Portada

Portada
Óleo de Cristina Megía

jueves, 3 de octubre de 2024

Era el otoño y era la llovizna

Para Paula y Guillerm, libreros inusuales.


Cuando llegué él estaba subiendo la persiana de la librería, eran algo más de las diez: “si alguno llega a la hora en punto, no encuentra al jefe”, me dijo como irónica disculpa por la demora en abrir.

Hasta que Guillerm encendió las luces, los libros permanecieron en penumbra, desprendiéndose del sueño tras la larga noche; estaban fríos al tacto, todavía rígidos en su desperezar. Observé la mesa de novedades y, como tantas veces, me extrañó la rápida rotación de las obras, apenas quedaba alguno de los que estaban expuestos dos semanas antes. 

Al poco de abrir entró una joven, dejó su sombrilla en el paragüero y se sacudió las gotas de lluvia que habían mojado la manga del chubasquero. Sonrió tímidamente, a modo de saludo, pero no me reconoció. Habían pasado muchos años desde la última vez que nos vimos, ella era entonces una niña.

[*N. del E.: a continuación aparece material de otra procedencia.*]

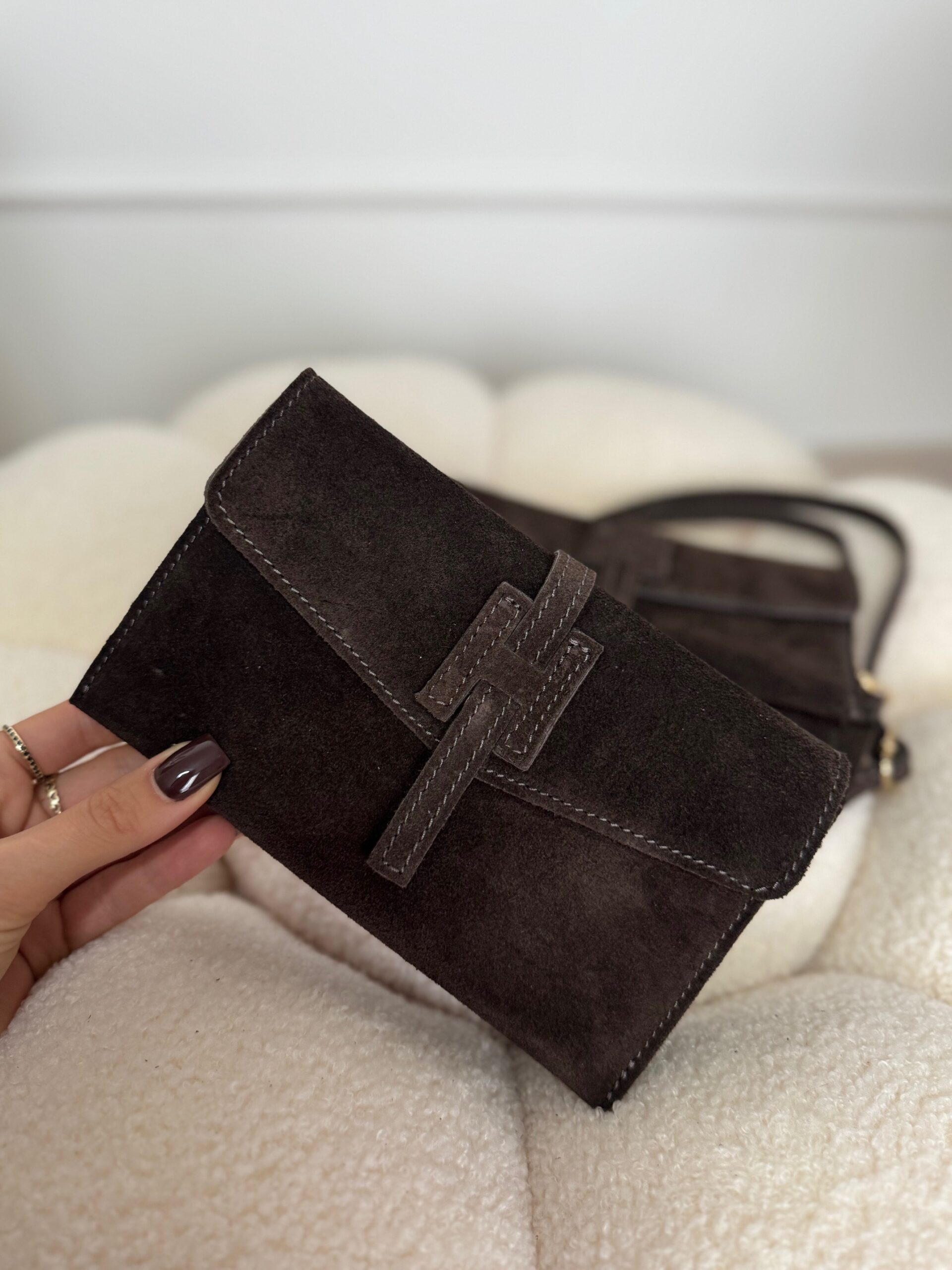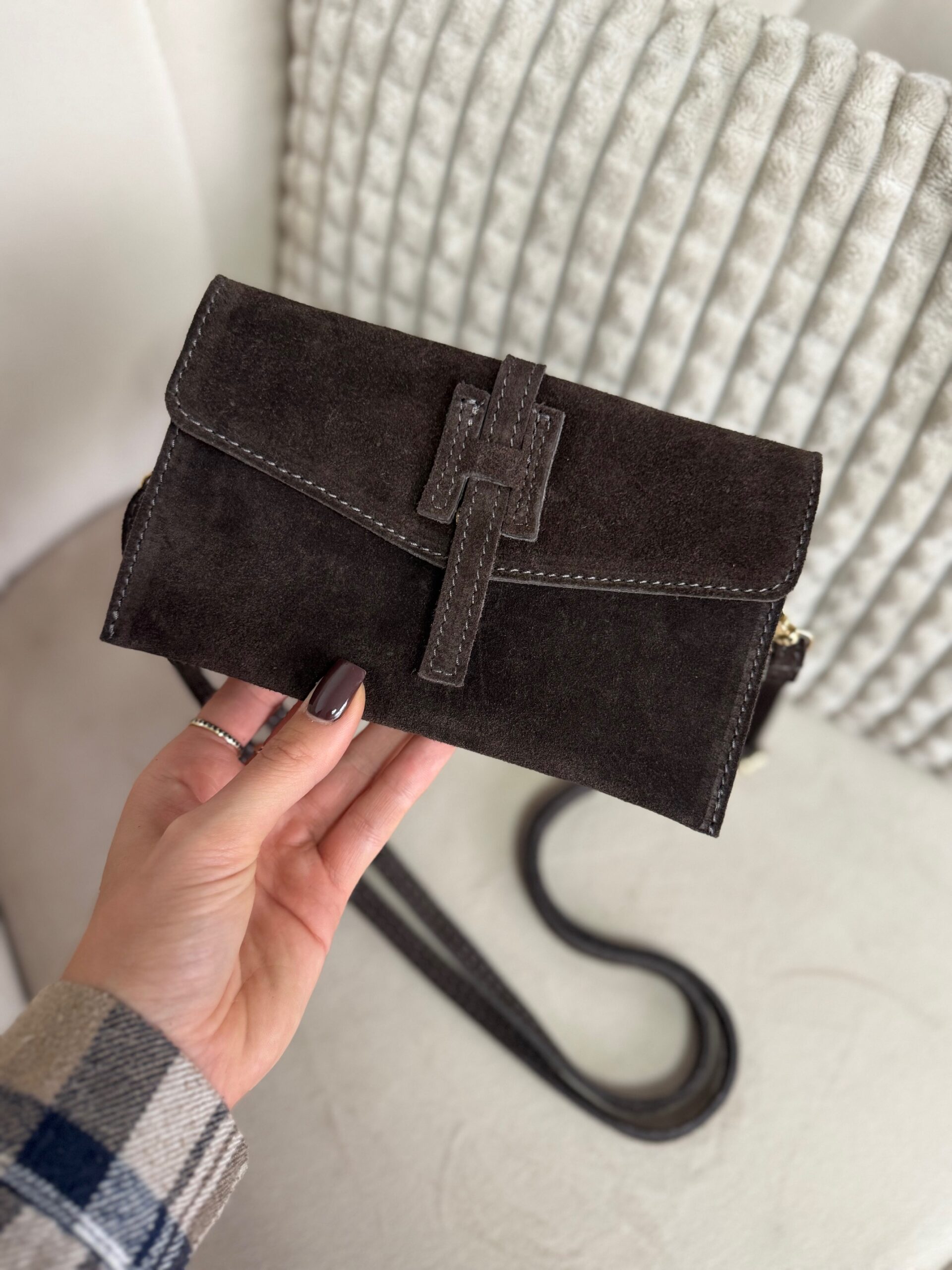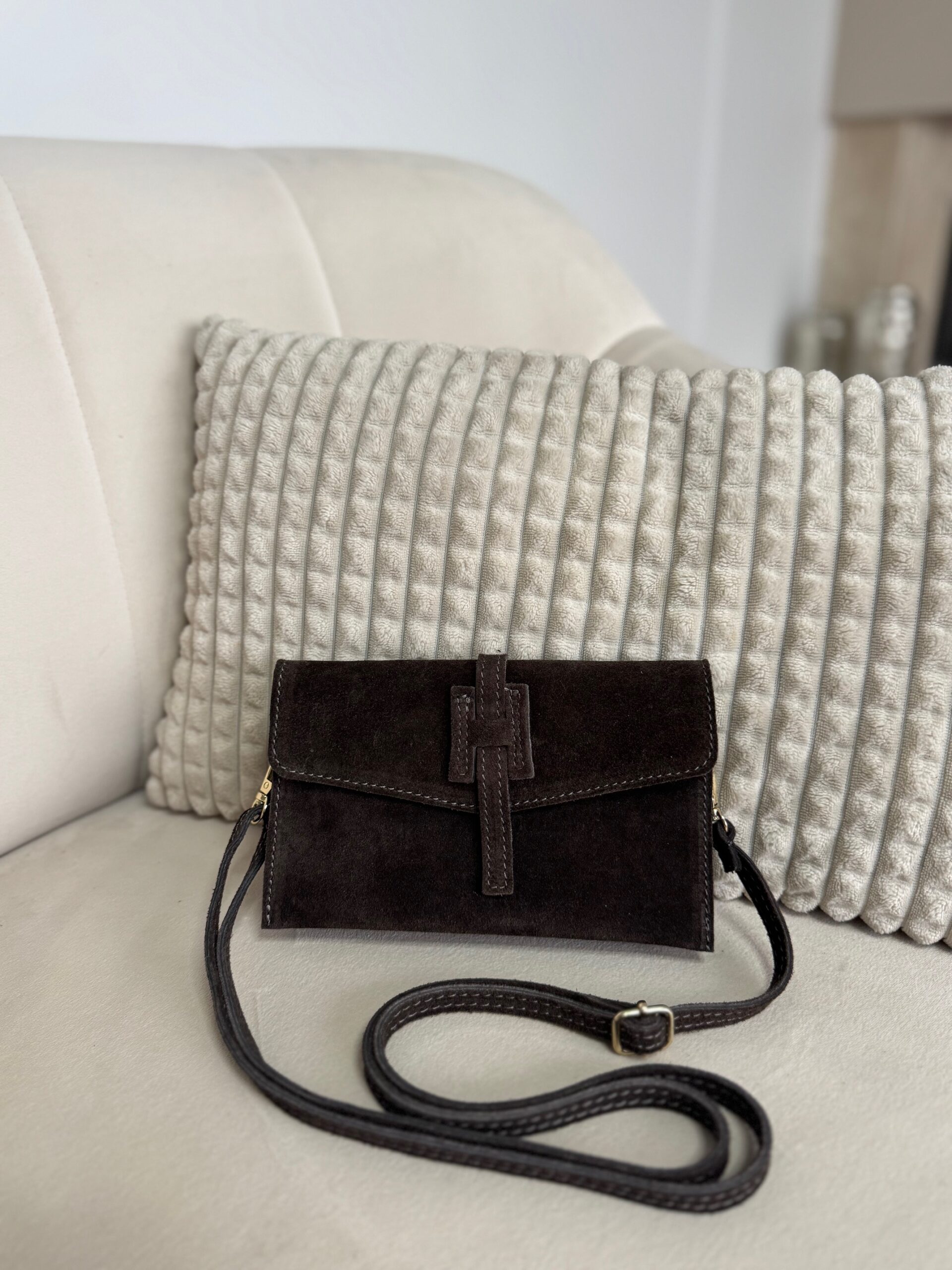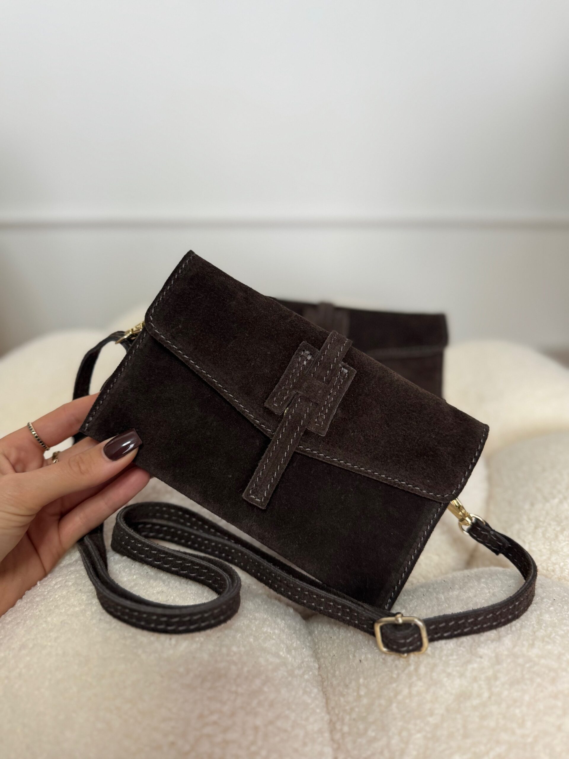 Zapinana na dekoracyjne zamszowe zapięcie, przyciąga uwagę subtelnym, ale wyjątkowym wykończeniem. W środku znajdziesz trzy przegródki – na telefon, klucze i drobiazgi.

Me acerqué a la sección de poesía, donde la chica hojeaba algunos ejemplares, y le pregunté si todavía le gustaba María Elena Walsh. Me miró extrañada, sin duda interrogándose quién era esa persona que conocía sus preferencias infantiles, pero se contuvo, simplemente respondió que no, que ahora le interesa la generación beat, “ya sabe: Allen Ginsberg, Diane di Prima,  Elise Cowen, toda esa gente…”. Había algo retador en su mirada, al fin y al cabo, tenía dieciocho años, estaba en la edad de provocar.

Yo seguí curioseando por otras secciones, hasta que a ella le pudo la curiosidad, se acercó y me preguntó cómo es que conocía su afición de niña por la Walsh, lo dijo así, anteponiendo el artículo al apellido, como si nombrara a una diva de la ópera o a una vieja gloria de Hollywood. 

Yo, muy serio, recité:

Estaba la reina batata 

sentada en un plato de plata,

el cocinero la miró 

y la reina se abatató

Ella rompió a reír a carcajadas,  se le saltaron las lágrimas, no sé si por la risa o por un brote de melancolía. —Dios mío, ese era mi poema preferido, me encantaba la expresión “la reina se abatató”, aunque no tenía ni idea de qué significaba —pero continuó—¿Cómo puedes tú saber eso? 

Antes de que yo respondiera, fue a sentarse a un sillón que había al fondo de la librería, junto a la sección de libros infantiles, cerró los ojos para fijar su memoria y dijo con voz queda: Yo tendría unos cinco años, recuerdo a un hombre que me contaba cuentos, durante esa época vino a menudo por casa, pero las imágenes se mezclan, son confusas.

—Fui muy amigo de tu madre —le expliqué— nos conocimos un verano siendo muy jóvenes, más de lo que eres tú ahora. Al acabar las vacaciones cada uno se marchó a su ciudad y no volvimos a vernos durante años, aunque sabíamos el uno del otro por amigos comunes. Volvimos a coincidir mucho tiempo después, ella ya se había divorciado de tu padre y tú tenías tres años. Frecuenté de modo intermitente vuestra casa durante unos pocos años.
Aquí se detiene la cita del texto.